For the last eight days, more than 40,000 drivers, registered with the app-based cabs like Ola and Uber, have been off roads, to demand increased earnings and better working life. On Monday, they marched from Uber’s Kurla office to Ola’s office in Andheri using black flags to express their concerns. As this forms their third protest in 2018, which has sustained for a longer time than any of the previous protests, here is a look at their demands
Why are the app-based cab drivers protesting?
The drivers complain that they are unable to make as much business in terms of the number of daily trips and earnings since November 2017. The drivers blame that as cab companies manipulate the booking of mobile application, which allocates more trips to their owned cabs and drivers, they end up making less business. From savings of Rs 50,000-60,000 earlier, drivers claim they hardly save up to Rs 2,000 now, which is not enough to meet their daily expenses.
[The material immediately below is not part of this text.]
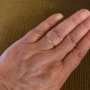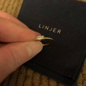 Linjer ring with pouch. US size 8. Baguette cubic zirconia with sterling silver setting plated in 14K yellow gold vermeil (note: to my eye the color looks more like 18K vermeil). This ring looks great on its own but would look adorable in a stack. It has never been worn. I just came to the conclusion that silver looks better on my skin tone.

Due to reduced earnings, they face difficulties in paying monthly installments of car loans, fuel prices and maintenance cost of cars. After deducting a commission of 20 per cent and other additional taxes from a journey fare, the driver encashes the remaining amount. But the drivers complain that cab companies have haphazardly reduced their share of income from the journey fare without a valid reason. Unhealthy professional life, which includes working hours of over 18 hours a day to earn incentives, blacklisting of drivers by companies and slashing their income on the basis of customer complaints, have also irked the drivers.
What are their demands?
Drivers demand that they must be able to make business of Rs 15,000 every day, wherein cab companies do not manipulate with cab booking. To ensure they get adequate business, both Regional Transport Offices and cab companies should put a maximum cap on the number of tourist cabs on the road, which has crossed a lakh in Mumbai.
Drivers also demand that companies must share the maintenance cost of their cars and fairly question the drivers before blacklisting them for any cause. Increasing their base minimum fares from Rs 4 per kilometre to Rs 18-23 (depending upon the type of cab they are driving) also remains their demand. They further demand a base rate of Rs 100-150 for each of their rides, which would allow each driver to encash the amount upon the overall journey fare, irrespective of the distance and time of journey.
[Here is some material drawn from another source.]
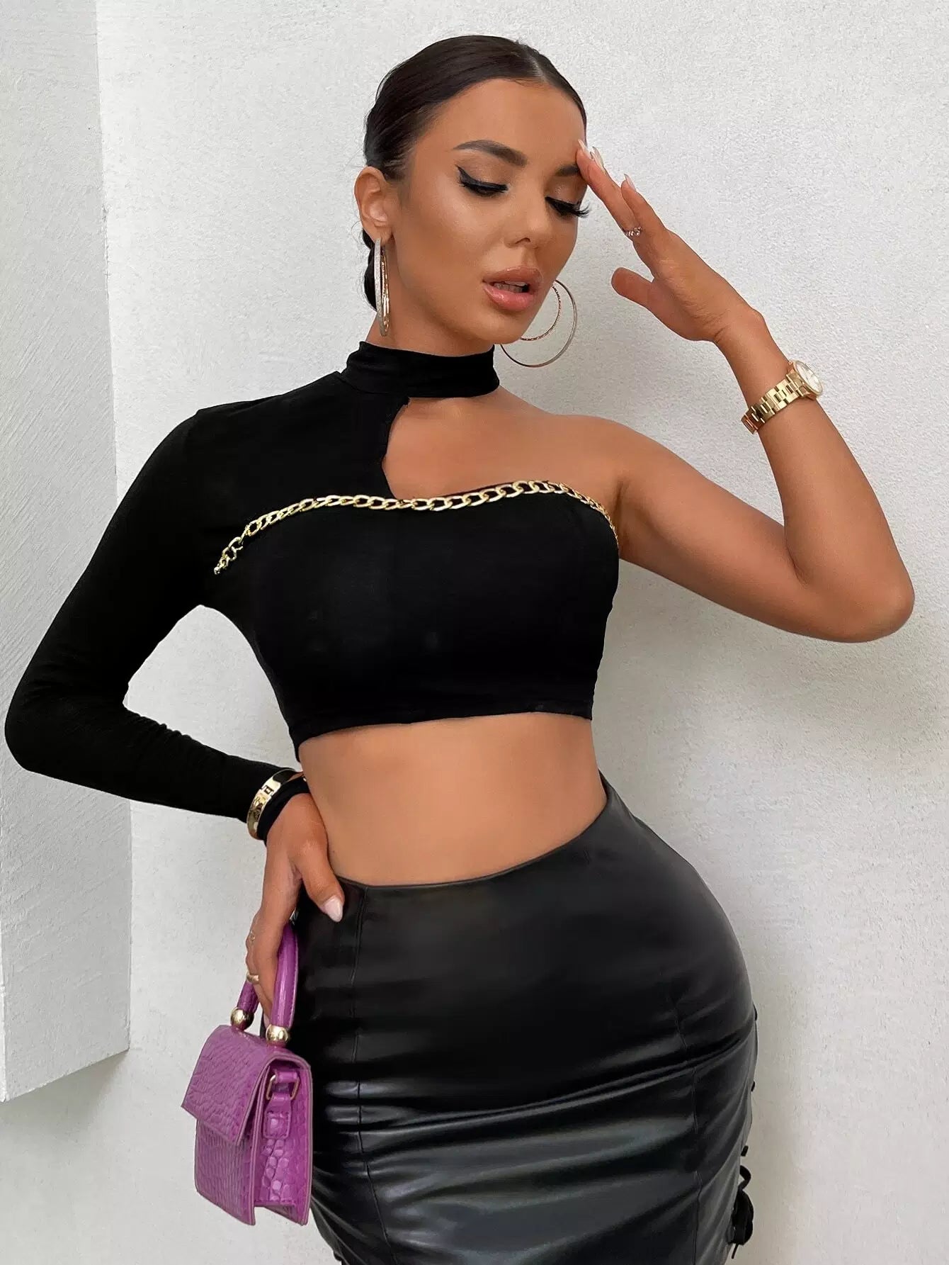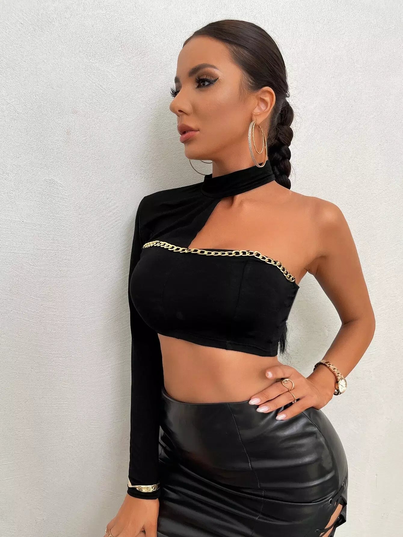 Asymmetrical Neck Chain Detail Crop Top

How have cab companies reacted to their demands?
While cab companies, including Ola and Uber, have held repeated discussions with drivers on the issue, no specific assurance has been made to them. The cab companies have maintained that they currently have more than two lakh active driver partners in their service and are seeing more and more sign-ups every day.
As the nature of the mobile-based cab service remains entrepreneurial, Uber has stated that they see more than 80 per cent drivers remain online at work for eight hours a day making between Rs 1,500- Rs 2,500 (net) on a daily basis. Companies have denied giving preferential dispatches to any car for bookings. Cab companies have promised to offer drivers stable earning opportunities and take care of their other monetary interventions, including financial and health insurances.
What is the stand of the state government on the issue?
The state government has drafted a Maharashtra City Taxi scheme, 2016 to regulate the movement of app-based cabs like Ola and Uber in the city. The scheme includes regulating the number of cabs they can operate in the city, colour, type of fuel and brings a cap on their minimum and maximum fares. After Ola and Uber drivers challenged the scheme in the Bombay High Court last year, the matter remains sub judice.